Analyzing The Barstool Sports-Penn National Deal Is Tough, And That’s OK

Analyzing Penn National Barstool Sports deal

If you’re having trouble understanding the Penn National-Barstool deal don’t worry, you have plenty of company.

In an industry full of mergers and acquisitions (many measured in billions of dollars), Penn National’s acquisition of a minority stake in Barstool Sports is getting a lot of attention, thanks to the peculiarity that is Barstool Sports.

Some people are on board with the acquisition and see Barstool as a conduit to new customers and a path forward for a Barstool Sportsbook.

Others see it as another soon-to-fail mashup of media and gambling.

There is also a camp that believes the usually conservative Penn National and the envelope-pushing Barstool Sports will have a difficult time getting on the same page.

And still, others, who see Barstool as a toxic entity, are simply rooting for it to fail.  

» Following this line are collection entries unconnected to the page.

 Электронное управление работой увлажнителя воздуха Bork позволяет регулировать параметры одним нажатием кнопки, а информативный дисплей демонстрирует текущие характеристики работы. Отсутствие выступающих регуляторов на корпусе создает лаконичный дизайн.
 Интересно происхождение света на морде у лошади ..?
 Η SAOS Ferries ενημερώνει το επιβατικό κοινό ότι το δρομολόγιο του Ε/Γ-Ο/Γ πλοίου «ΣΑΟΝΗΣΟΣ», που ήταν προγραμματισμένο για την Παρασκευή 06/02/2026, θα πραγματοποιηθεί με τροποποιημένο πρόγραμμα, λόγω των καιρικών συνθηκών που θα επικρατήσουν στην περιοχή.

I don’t think any of these takes are correct. And the reason no one really knows how to explain the deal is because no one really understands Barstool Sports or its demographic.

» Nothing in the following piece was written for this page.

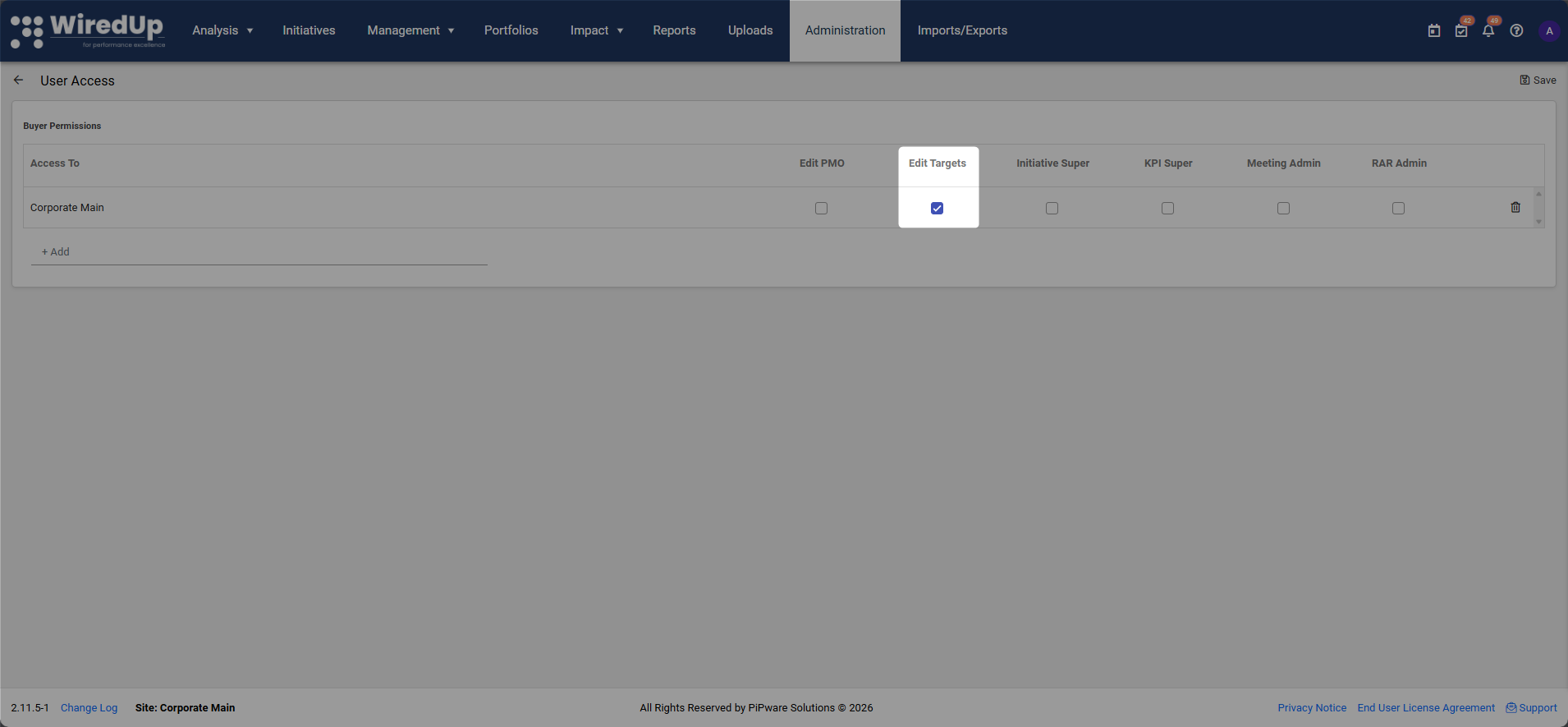 Users require the Edit Targets user access permission in order to be able to edit pipeline targets.

Barstool Isn’t Your Dad’s Media Company

First and foremost, if you talk about Barstool as a traditional media company you should stop talking. The company doesn’t abide by or adhere to any traditional norms. Like Elvis, Black Sabbath, or Rage Against the Machine, Barstool is essentially creating a new branch of media and doesn’t fit into a conventional box.   

Furthermore, Barstool is a media company in the same way Disney is a media company. Both companies derive a similar percentage of revenue from their media offerings with things like merchandise and live events rounding out their portfolio.

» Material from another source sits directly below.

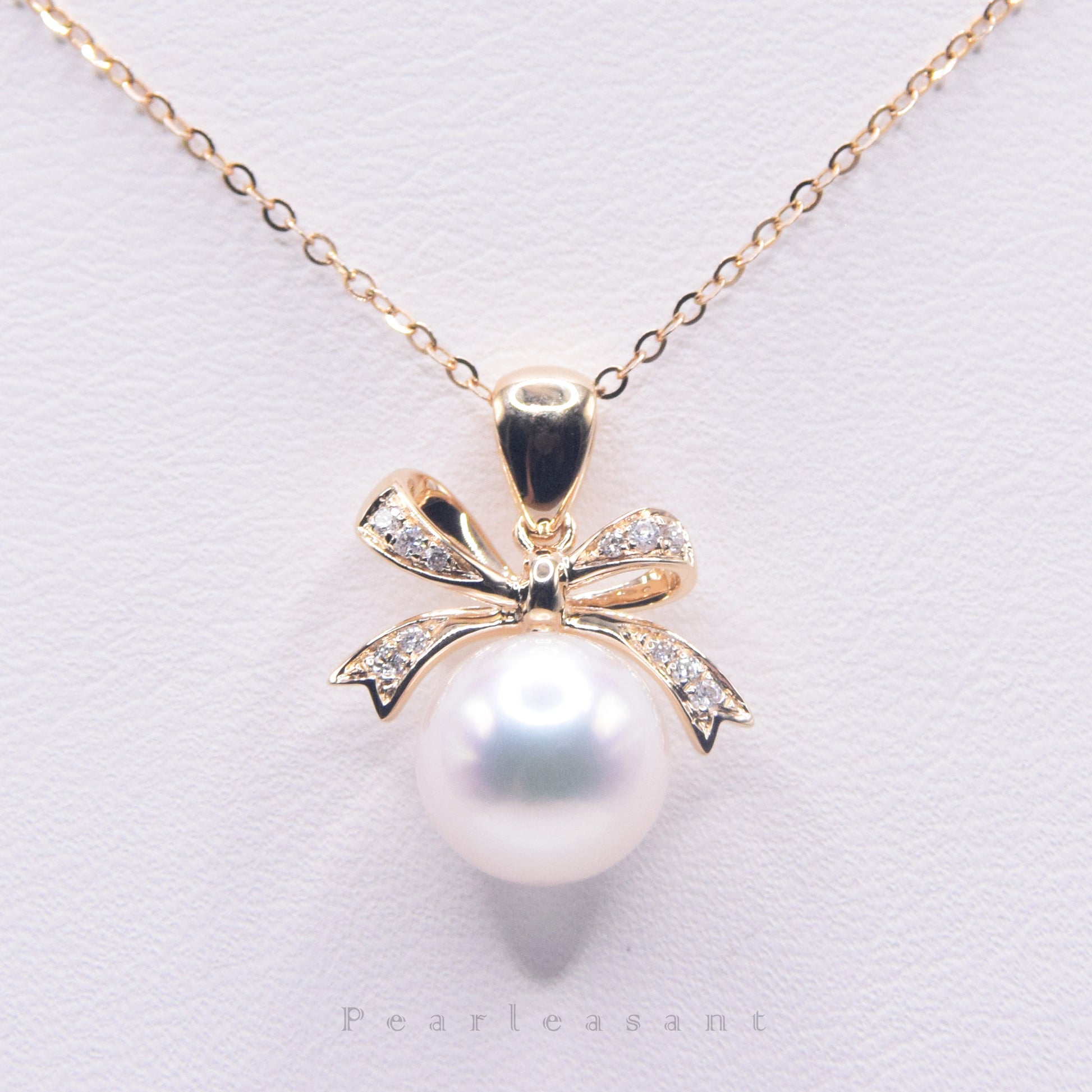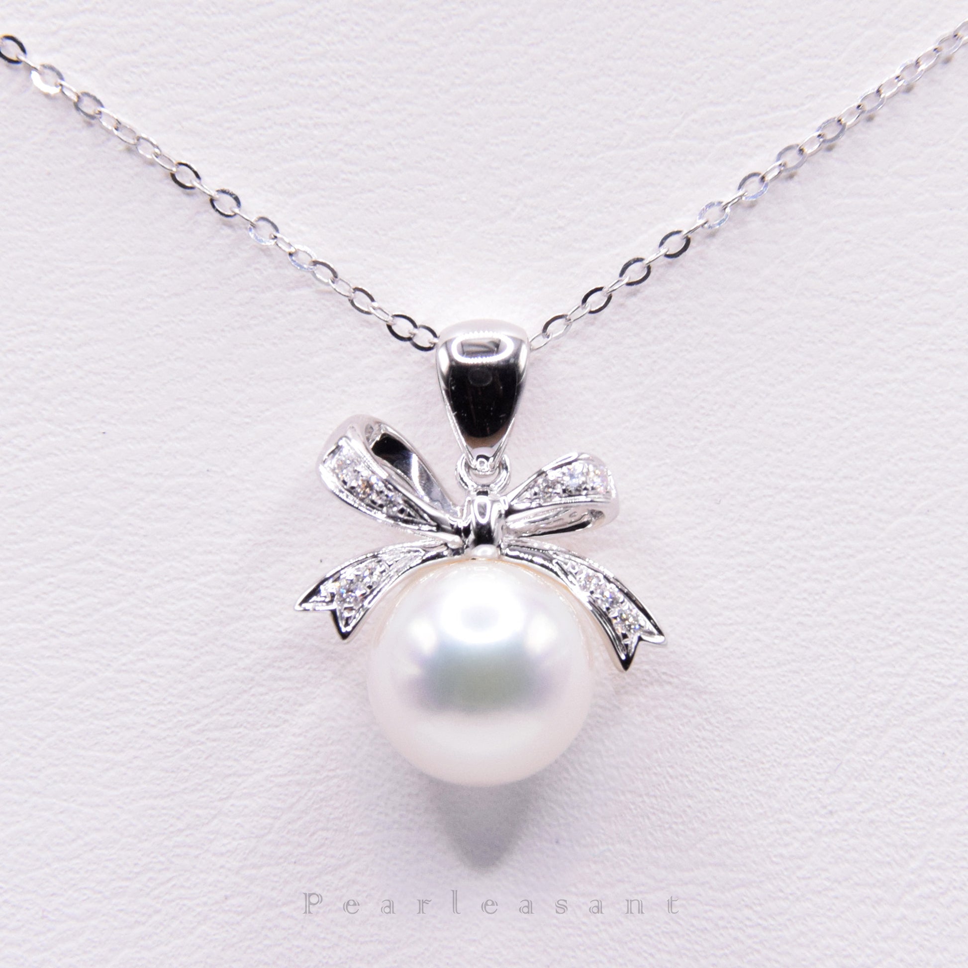 Hanadama Grade 8.5-9.0mm White Akoya Pearl Bowtie Pendant with Certificate

Trying to neatly define Barstool, or its audience for that matter is an exercise in futility. Barstool has evolved beyond a media company. Barstool is unique. Comparing it to anything with the word “media” in it, past or present, is flawed.

I’ve personally known of Barstool for a decade and have been a semi-regular visitor to the site since the “Manhunt” days. That said, I don’t really know how to explain what Barstool is. Even the employees have a hard time succinctly summing up what it is, largely because it’s an ongoing experiment. Like George pitching his show about nothing to the NBC execs, Barstool simply is what it is, and you have to accept that you don’t understand it.

Basically, whenever you hear someone say Barstool is x, or the Barstool-Penn deal will succeed or fail because of y, this is someone with only a cursory understanding of Barstool. Someone that’s not looking at the big picture who is ignoring the results.

Anyone with a deeper understanding of Barstool knows that it’s complicated and wouldn’t pretend to know how this will work out. Like Julio Franco’s unorthodox batting stance, or Patrick Mahomes’ unorthodox throws, conventional wisdom says it shouldn’t work. It just does, and you don’t try to change it. Coaches who try to change it or rein it in get fired.

The Barstool Brand Makes Things Work That Shouldn’t

Branding is interesting. Some brands resonate, but few brands transcend into an ideology like Barstool. Barstools core user base identifies with the brand.

And they’re loyal and easily mobilized. And that’s where the disconnect comes in. Unlike traditional media companies (be it print or digital) Barstool readers have a different level of engagement.

A great example of this occurred this weekend when a new Barstool employee started pushing a random catch-phrase “Zillion Beers” and sold $1.5 million worth of merchandise – with an assist from Barstool Founder Dave Portnoy who bet against it happening.

This shouldn’t work. This is essentially the hula hoop plotline from The Hudsucker Proxy, where someone is seeing something everyone else isn’t. No other company would entertain the idea, and even if they did, no other company could actually pull it off.

A random employee, creating a random phrase, printing it on t-shirts and other merchandise, going viral, and selling $1.5 million worth of it in a weekend is inexplicable. But it’s par for the course at Barstool. This is what they do, and it’s ok to not understand how they do it, I certainly don’t.

The big question is will Penn try to understand and make sense of the phenomenon that is Barstool, or will Barstool be allowed to steer its own ship? That interplay will likely determine the success of Barstool Sports in the gambling industry.